# fall arrest systems



## Southeast Power (Jan 18, 2009)

Home Depot has the fall arrest harness in its own storage bag and it only about $90. We buy those all of the time. Seems like the guys leave them on jobs, lose them, take them home for bedroom antics.
I don't ask, I just tell them to buy another one. I don't want to have someone caught without one.

Check out the clearance rack at harnessland.com

https://www.harnessland.com/Safety-Equipment-Sale-s/1515.htm


----------



## MechanicalDVR (Dec 29, 2007)

Never thought about the Depot for fall arrest gera, wasn't aware they had the stuff.

Places I've worked used Northern Safety for their arresting equipment:

https://www.northernsafety.com/Search?i=1&q1=Safety+Products&q2=Fall+Protection&sp_pr=v2&x1=category-1&x2=category-2


----------



## splatz (May 23, 2015)

Home Depot has a roof kit that even includes a bracket for peaked roofs

http://www.homedepot.com/p/Werner-Roofing-Safety-System-K211201/203907961


----------



## MechanicalDVR (Dec 29, 2007)

Actually H Depot has a nice selection:

http://www.homedepot.com/b/Tools-Workwear-Safety-Gear-Equipment-Safety-Gear-Harnesses/N-5yc1vZbzzi


----------



## Cow (Jan 16, 2008)

This is the type I got for us, because I also didn't like the retractable cable yo-yo's always pulling at your harness.

We use it with a 50' 5/8" rope I believe, but you can get the rope in different lengths.

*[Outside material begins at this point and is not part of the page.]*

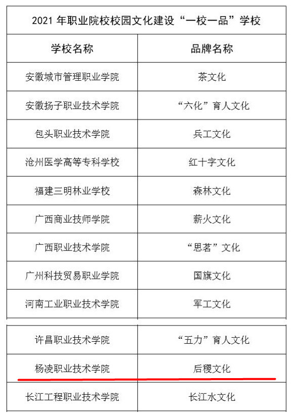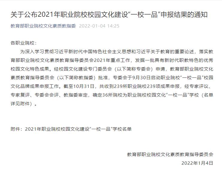 1月4日,教育部职业院校文化素质教育指导委员会公布了2021年全国职业院校校园文化建设“一校一品”申报结果,威廉希尔官网“后稷文化”品牌成功入选。学校荣获全国职业院校校园文化“一校一品”学校称号。

All you need is rope, a rope grab, and a regular harness with a lanyard. The only downfall of course, is now you're dragging a rope around, so it will catch on things if you're not paying attention.


----------



## five.five-six (Apr 9, 2013)

Thanks guys, safety is very important for me and if you ask anyone who has ever worked for me it is always priority #1 above customer satisfaction and above profitability. I just don't want to spend a ton more than I have to.


----------



## five.five-six (Apr 9, 2013)

Suncoast Power said:


> Home Depot has the fall arrest harness in its own storage bag and it only about $90. We buy those all of the time. Seems like the guys leave them on jobs, lose them, *take them home for bedroom antics.*
> I don't ask, I just tell them to buy another one. I don't want to have someone caught without one.
> 
> Check out the clearance rack at harnessland.com
> ...


Please don't elaborate. I don't even want to know.


----------



## LARMGUY (Aug 22, 2010)

http://simplifiedsafety.com/blog/which-safety-harness-should-i-buy-buyers-guide/


----------



## active1 (Dec 29, 2009)

The retractables cost more and may add weight to your back.
Depending on what your doing you may require a double lanyard or retractable.
The rule is 100% tie off, meaning if your changing locations you hook a 2nd then unhook the 1st. That wouldn't apply if you got back onto the catwalk to change locations.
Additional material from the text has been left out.